_Information provided_:
=-=-=

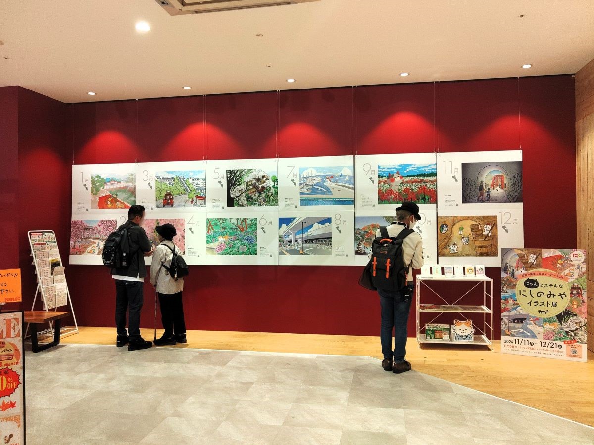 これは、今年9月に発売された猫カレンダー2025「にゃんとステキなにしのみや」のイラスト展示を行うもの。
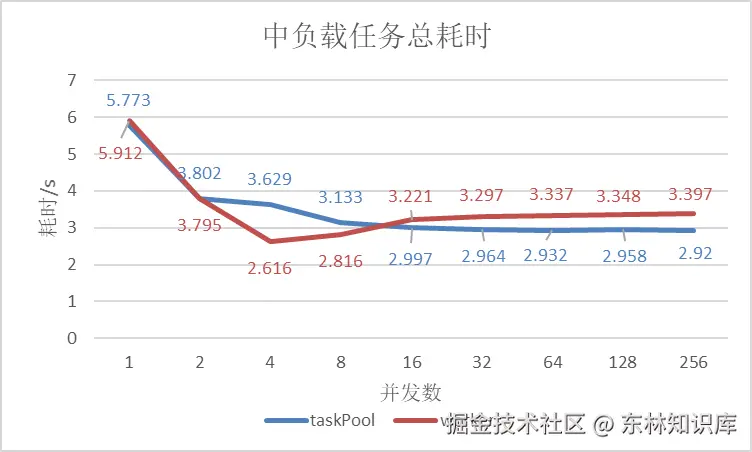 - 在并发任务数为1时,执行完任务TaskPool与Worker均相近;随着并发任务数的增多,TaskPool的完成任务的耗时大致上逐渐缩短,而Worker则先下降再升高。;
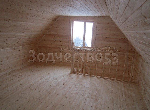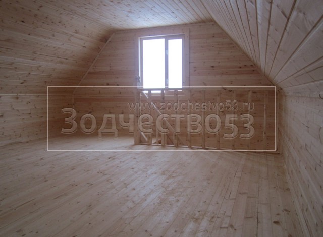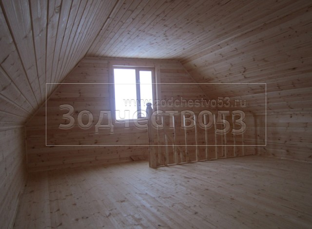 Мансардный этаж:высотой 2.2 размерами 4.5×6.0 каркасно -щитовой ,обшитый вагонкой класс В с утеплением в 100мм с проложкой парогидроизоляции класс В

=-=-=

_Task item_:
Please give back the material above exactly as written, pictures omitted.

_Task result_:
 これは、今年9月に発売された猫カレンダー2025「にゃんとステキなにしのみや」のイラスト展示を行うもの。
 - 在并发任务数为1时,执行完任务TaskPool与Worker均相近;随着并发任务数的增多,TaskPool的完成任务的耗时大致上逐渐缩短,而Worker则先下降再升高。;
 Мансардный этаж:высотой 2.2 размерами 4.5×6.0 каркасно -щитовой ,обшитый вагонкой класс В с утеплением в 100мм с проложкой парогидроизоляции класс В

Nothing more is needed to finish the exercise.